As described above, the conversion of the message information generated in bytes by operation to octets is because data processing is performed in bytes (16 bits) in the PC, but in octets (8 bits) in the ATM communication protocol. to be.

As described above, according to the method of the present invention, the call status (CS) message information used to represent the current state of the call destination and the earth registration state is generated, the address starting address is given, and the storage unit (with the length of the octet message) 63), the process of generating the CS message is completed.

Therefore, the controller 62 detects the address start address and the message length of the CS message according to the present invention, which are generated through the above-described process and stored in the storage unit 63, and then provided to the address and length detector 64. CS message information is delivered to the calling and called user through the omitted ATM network.

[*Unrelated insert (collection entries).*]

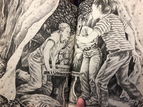 One thing I did enjoy was the description of the game of Hare and Hounds (also called Paper Chase) that came right before the carriage scene. I’d never heard of the game before, but apparently, it’s been a popular game in British schools for centuries. Probably, the reason I’ve never seen it played is because the playgrounds and yards of the schools I attended wouldn’t have been large enough to make a really good game. One person plays the role of the “hare” and is given a head start, leaving a trail of bits of paper behind him as he goes. The other players are the “hounds”, and they try to find the hare by following the trail of paper bits, like they were hounds following a scent. The object of the game is for them to catch the hare before he reaches a designated finishing point. At a school where you can see pretty much the entire playground and everyone on it at once, there wouldn’t be any point in following a trail or any real challenge to the game, but it sounds like an interesting game to play if you can find a large enough space for it.
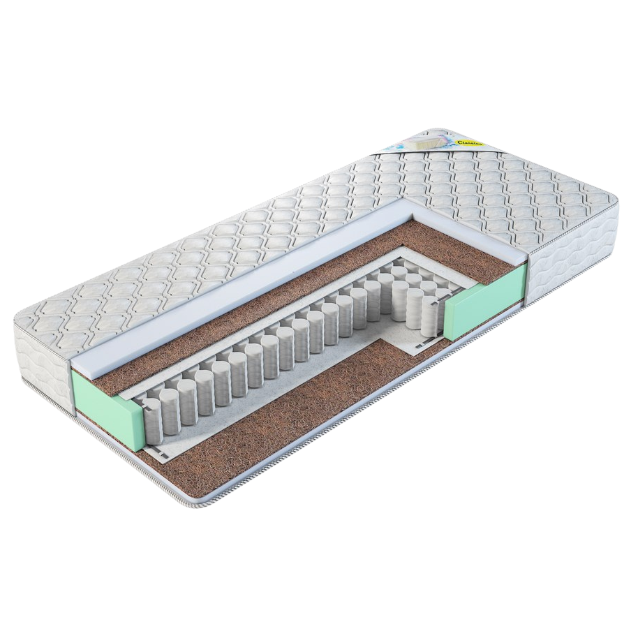 Матрас упругий, средней жесткости. Мягкий слой матраса состоит из современного качественного наполнителя — холлофайбера и слоя кокосовой койры. Эти материалы хорошо вентилируются, не впитывают пыль и влагу. Холлофайбер придает матрасу упругость, а кокос жесткость. Наличие данных наполнителей позволяет данной модели матраса выдерживать нагрузку до 120 кг.
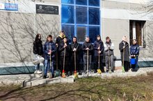 В рамках экологического месячника отряд юнармейцев во главе с классным руководителем Ахметовой М. И. провели субботник возле мемориальный доски Героя Советского союза Кайманова Н. Ф.

As described above, according to the present invention, the ATM Q.93B signaling protocol generates a call status message at high speed, which is included in the broadband lower layer information and used to indicate the current state of the call destination and the earth registration state. The signaling process suitable for .93B signaling protocol can be effectively realized.

Claims (3)

A method of generating a call status message included in broadband sublayer information in a Q.93B signaling protocol in asynchronous transmission mode and used to indicate a current state of a call destination and a global registration state, based on bit information from an information park. Generating a content identifier, a code standard, and an information command message having a predetermined length for displaying a call status and storing the contents at a predetermined address of a memory; A second step of storing, at a predetermined address of the memory, state information of a predetermined length to be generated among a plurality of state information representing a call state based on bit information input from the information park; And a third step of detecting the start address information of the address for the call status message stored in the memory and the total length information of the generated call status message and outputting the information to the transmission channel. How to generate call status messages in. The method of claim 1, wherein the message generating method further comprises the step of converting the call status message generated in byte units of 16 bits into 8 bit octet units. How to generate a message. The method as claimed in claim 2, wherein the conversion process comprises converting the generated call status message to the octet unit by shifting the generated call status message to the right and left by 8 bits, respectively.